Integrating the Dirac Delta function

[Bugeye]

Homework Statement

I am trying to integrate the function
\int _{-\infty }^{\infty }(t-1)\delta\left[\frac{2}{3}t-\frac{3}{2}\right]dt

Homework Equations

The Attempt at a Solution

I think the answer should be \frac{5}{4} because \frac{2}{3}t-\frac{3}{2}=0 when t=9/4. then (9/4-1) = 5/4. However, when I put the equation into Mathematica, it gives me an anser of 15/8.

 

[Dick]

Homework Statement

I am trying to integrate the function
\int _{-\infty }^{\infty }(t-1)\delta\left[\frac{2}{3}t-\frac{3}{2}\right]dt

Homework Equations

The Attempt at a Solution

I think the answer should be \frac{5}{4} because \frac{2}{3}t-\frac{3}{2}=0 when t=9/4. then (9/4-1) = 5/4. However, when I put the equation into Mathematica, it gives me an anser of 15/8.
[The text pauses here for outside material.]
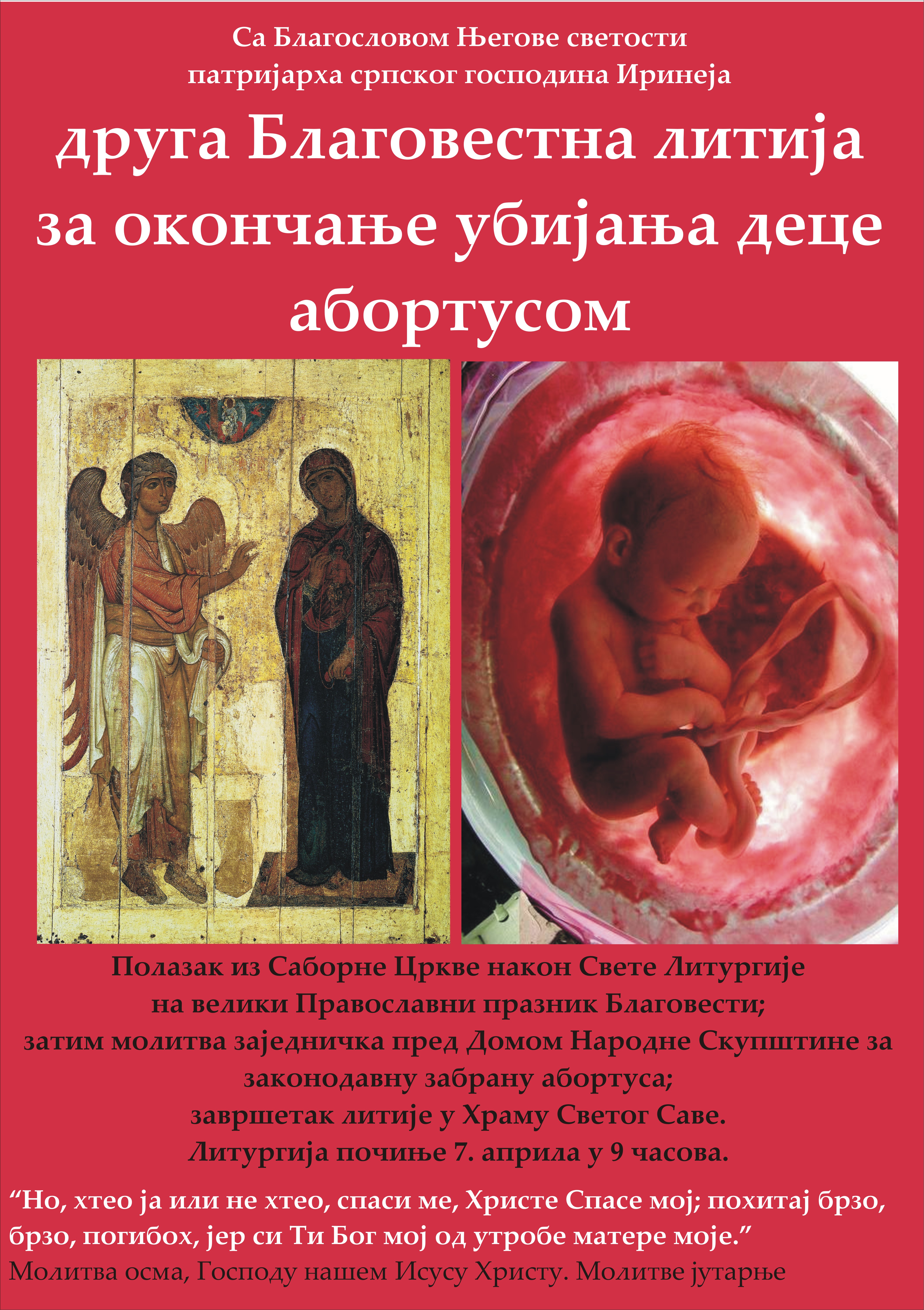 Патријарх Иринеј поново благословио Благовестну литију за забрану абортуса 21.02.2015. Његова светост патријарх српски господин Иринеј дао је и ове године свети архијерејски Благослов за Благовестну литију за забрану абортуса улицама престонице. Документ АЕМ бр. 176 од 16. фебруара 2015. године помиње и делегацију Руске православне цркве и удружење За живот из Москве као могуће госте које треба достојно прихватити. Овим је још једном потврђено јасно и недвосмислено опредељење наше Цркве да је абортус зло и убиство коме нема места у нашем друштву. Позивамо све да велики празник живота и настанка новог живота Благовести проведемо како је по Божијој вољи - прво на Литургији, а после Литургије у Саборној цркви (почиње у 9 часова) да кренемо заједно у свету литију ка Народној скупштини и Храму Светог Саве да бисмо се изборили за свето право нерођене деце на живот, на рађање и срећно детињство. Благовестна литија за забрану абортуса 2014 - погледајте Међународна иницијатива за забрану абортуса - детаљније постер у високој резолуцији - линк

There's more to it than that. Do a change of variables u=2t/3-3/2. Don't forget du isn't the same as dt.

 

[Ray Vickson]

Homework Statement

I am trying to integrate the function
\int _{-\infty }^{\infty }(t-1)\delta\left[\frac{2}{3}t-\frac{3}{2}\right]dt

Homework Equations

The Attempt at a Solution

I think the answer should be \frac{5}{4} because \frac{2}{3}t-\frac{3}{2}=0 when t=9/4. then (9/4-1) = 5/4. However, when I put the equation into Mathematica, it gives me an anser of 15/8.

You need to be really, really careful when dealing with things like δ(f(t)). In your case, just change variables to x = (2/3)t.

 

[Bugeye]

There's more to it than that. Do a change of variables u=2t/3-3/2. Don't forget du isn't the same as dt.

Great, I got it, thanks a lot.